*INSTRUCTIONS FOR THE TASK*
Look through the listing below for the line with "render a modern" and the line with "初年度登録 | H21年10月 |". Copy both, along with every line between them, exactly and with no pictures.

*SOURCE MATERIAL*
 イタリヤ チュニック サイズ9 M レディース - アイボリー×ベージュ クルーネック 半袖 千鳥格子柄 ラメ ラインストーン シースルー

...

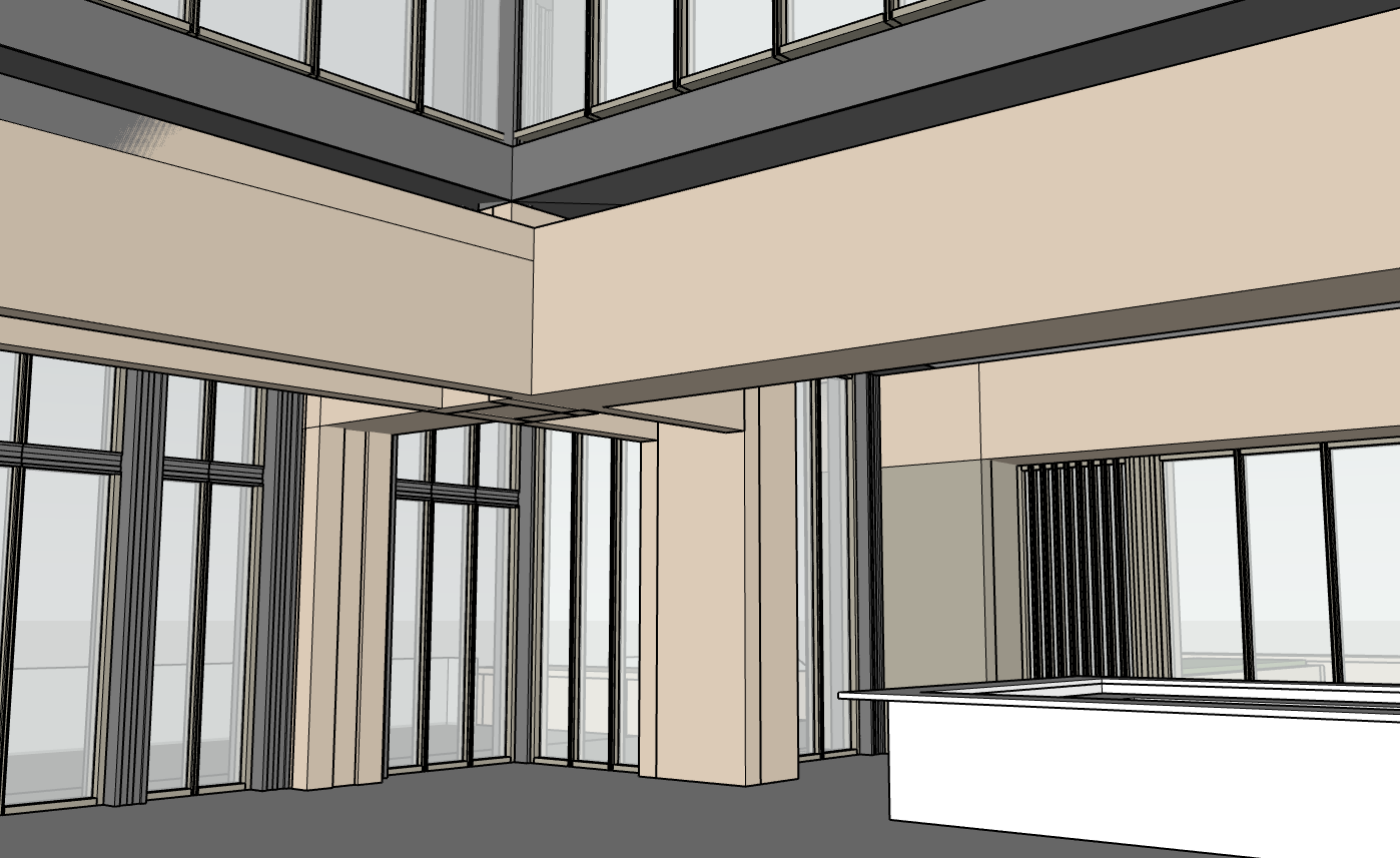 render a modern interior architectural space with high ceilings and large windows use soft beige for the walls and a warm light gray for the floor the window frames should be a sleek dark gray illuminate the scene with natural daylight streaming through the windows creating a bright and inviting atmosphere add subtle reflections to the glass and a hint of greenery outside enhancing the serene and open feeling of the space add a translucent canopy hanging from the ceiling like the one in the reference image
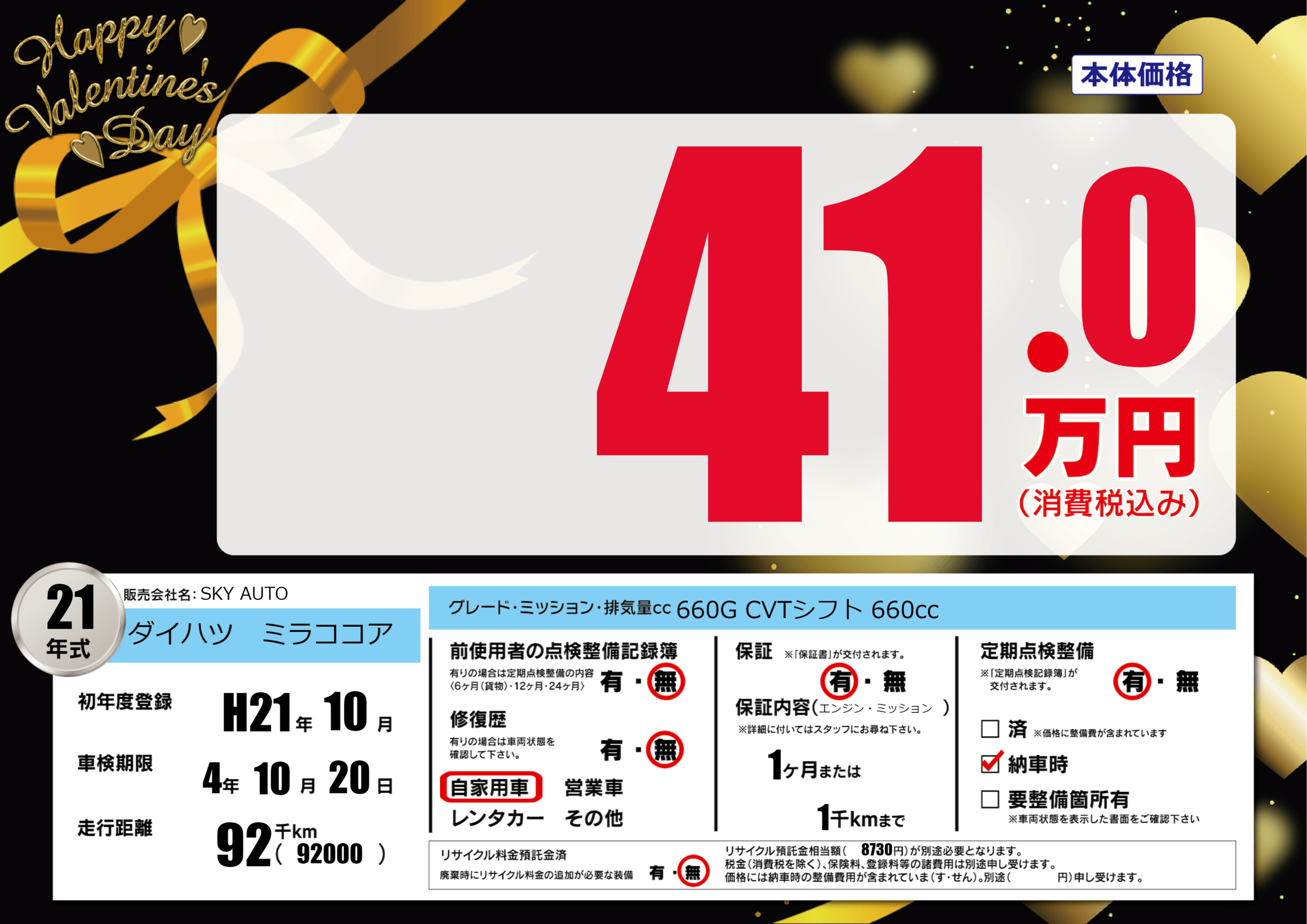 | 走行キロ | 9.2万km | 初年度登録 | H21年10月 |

...

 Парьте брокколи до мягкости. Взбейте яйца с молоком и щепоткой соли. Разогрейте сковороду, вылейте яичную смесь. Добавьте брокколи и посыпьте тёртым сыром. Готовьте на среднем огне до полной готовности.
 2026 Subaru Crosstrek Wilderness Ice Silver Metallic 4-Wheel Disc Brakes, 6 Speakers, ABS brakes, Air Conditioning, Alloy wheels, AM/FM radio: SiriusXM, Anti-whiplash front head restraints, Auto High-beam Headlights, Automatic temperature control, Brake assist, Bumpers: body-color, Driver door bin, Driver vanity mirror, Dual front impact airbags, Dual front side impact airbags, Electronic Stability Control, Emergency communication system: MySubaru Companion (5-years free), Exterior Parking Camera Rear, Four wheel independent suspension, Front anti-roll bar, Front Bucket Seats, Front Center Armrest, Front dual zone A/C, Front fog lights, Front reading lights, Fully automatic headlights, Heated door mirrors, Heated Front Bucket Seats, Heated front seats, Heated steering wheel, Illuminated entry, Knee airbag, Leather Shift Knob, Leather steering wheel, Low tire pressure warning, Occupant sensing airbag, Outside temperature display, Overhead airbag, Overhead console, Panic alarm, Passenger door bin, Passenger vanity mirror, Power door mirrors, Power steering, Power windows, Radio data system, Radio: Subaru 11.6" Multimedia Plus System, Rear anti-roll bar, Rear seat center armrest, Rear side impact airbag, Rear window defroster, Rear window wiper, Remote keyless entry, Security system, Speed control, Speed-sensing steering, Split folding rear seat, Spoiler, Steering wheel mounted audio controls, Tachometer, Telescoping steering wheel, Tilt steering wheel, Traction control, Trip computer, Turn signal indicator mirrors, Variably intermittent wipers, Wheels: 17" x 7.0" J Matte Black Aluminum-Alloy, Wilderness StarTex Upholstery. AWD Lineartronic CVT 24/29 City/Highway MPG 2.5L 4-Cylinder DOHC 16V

*SOLUTION FOR THIS EXERCISE*
 render a modern interior architectural space with high ceilings and large windows use soft beige for the walls and a warm light gray for the floor the window frames should be a sleek dark gray illuminate the scene with natural daylight streaming through the windows creating a bright and inviting atmosphere add subtle reflections to the glass and a hint of greenery outside enhancing the serene and open feeling of the space add a translucent canopy hanging from the ceiling like the one in the reference image
 | 走行キロ | 9.2万km | 初年度登録 | H21年10月 |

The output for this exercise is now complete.